Garreg Fawr / Ystrad Iron Mines

Garreg Fawr / Ystrad Iron Mines

Date

12 July 2014
Location

Betws Garmon

SH 54415 57925; 53.09859°N, 4.17583°W

Information

Visible from a distance as a diagonal gash in the mountainside above Betws Garmon, the workings for iron on the western flank of Moel Eilio form a series of opencuts and adits. These were operated as two separate concerns, divided by an opposing diagonal created by a parish boundary wall. The lower was known as the Ystrad or Silurian mine, the upper as Garreg Fawr.

Up until 1900, Ystrad mine consisted only of small opencast workings and was developed on a larger scale from 1909 by the Bettws Garmon Iron Ore and Smelting Company.
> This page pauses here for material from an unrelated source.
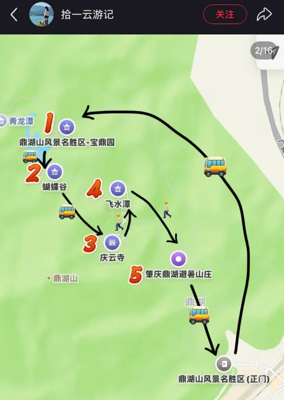 正门坐车 → 宝鼎园 → 蝴蝶谷 → 庆云寺 → 飞水潭(只能步行,有点累,有小瀑布) → 鼎湖避暑山庄 → 正门(@小红书up)

A tramway connected the mine to the North Wales Narrow Gauge Railway (NWNGR) – the forerunner of the Welsh Highland Railway (WHR). The company soon changed its name to the Phosphoric Iron Ore Company. In financial straits, it was taken over (on paper) in 1913 by a new entity, the Silurian Iron Ore Company, the former company’s assets, but not its liabilities, being transferred to the new company. The mine closed in 1919.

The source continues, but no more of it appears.